In a few rare illnesses such as cystic fibrosis, sickle cell disease, and some devastating neurological degenerative disorders resulting from errors in very small parts of the genetic code, the genetic information is clear cut – the individual has an abnormal gene, and they have or will eventually show signs of the disease. These diseases, along with problems of chromosome breakage or duplication such as Downs syndrome, are the object of prenatal screening tests.  For the most part, however, genetic results are statistics – the odds that a problem will eventually appear. Potentially damaging treatments applied to healthy people, based only on future odds,  is the “for worse” change that may come with the addition of genetic information in the practice of  everyday medicine.

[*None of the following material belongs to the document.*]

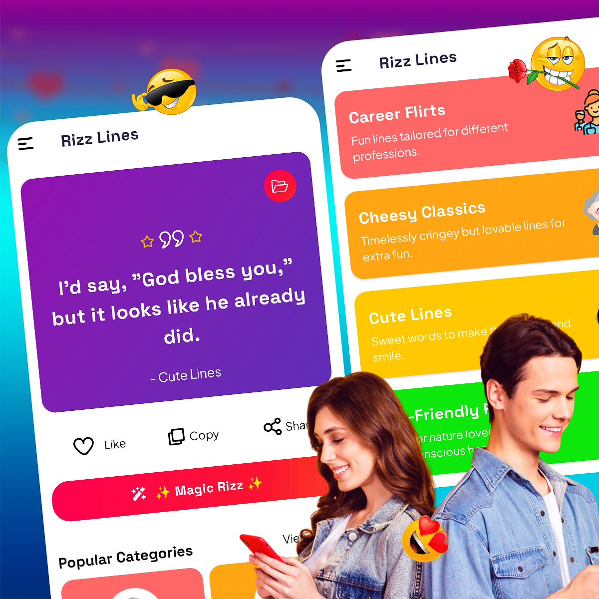Rizz Lines helps you break the ice with funny, romantic, and bold pickup lines, flirty compliments, and clever comebacks. Install free on Google Play and start flirting with confidence.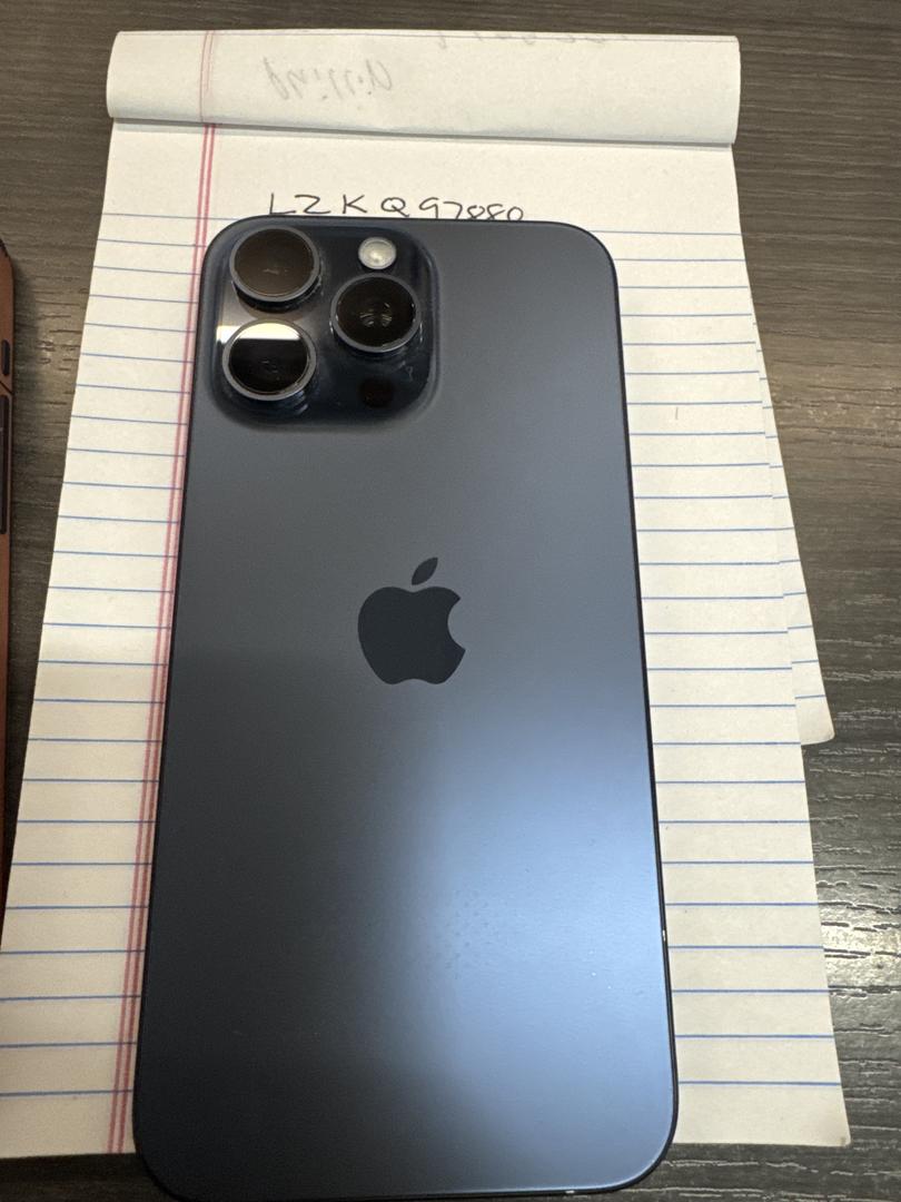 Mint condition iPhone 15 pr max blue 256gb. 84% battery life. Been in a case with screen protector since day one.

 The problems with statistical medicine 

Statistical predictions apply to large numbers of people, not to individuals. Not all people who have a gene associated with Alzheimer’s dementia will get the disease, but since more people born with that particular gene will develop Alzheimer’s than those born without it, the gene is said to increase the risk for the Alzheimer’s disease. The prediction of a strongly hereditary trait – one associated with an 85% likelihood that some kind of illness or cancer will appear by a given age – gives the impression that the illness is almost inevitable for every member of the family. But from the standpoint of an individual within the family, the risk is always 50%.  Either they will or will not be affected.

The importance of treatment availability when disease risk is high

What does knowing that there is an increased risk of suffering a given disease do for you? If there is a treatment that prevents the evolution of the disease, and it has no adverse effects, then it would be reasonable to gamble on undergoing treatment based on worry that the disease will appear, rather than waiting to see if one is in the lucky percentage that escapes. Women who undergo removal of their breasts and or ovaries because they have a genetic trait that greatly increases risk for cancer in these organs have made this judgment.  (They also must accept the minuscule risk that breast or ovarian cancer can still occur even after surgical removal of the organs.)

In the case of the devastating brain degeneration known as Huntington’s disease (HD), people usually know they are at risk because one parent has developed the characteristic dementia and movement disorder in midlife. Because of the so called dominant inheritance pattern of HD, half of the offspring of the parent, statistically, will also be affected.  But no one knows which children carry the gene unless testing is done. Now available and definitive, the genetic test for this disease is a double-edged sword. Life is normal for the carriers of the gene until middle age. The knowledge of what is coming might convince the bearer of the gene not to reproduce, but also make living a full and happy life seem out of reach.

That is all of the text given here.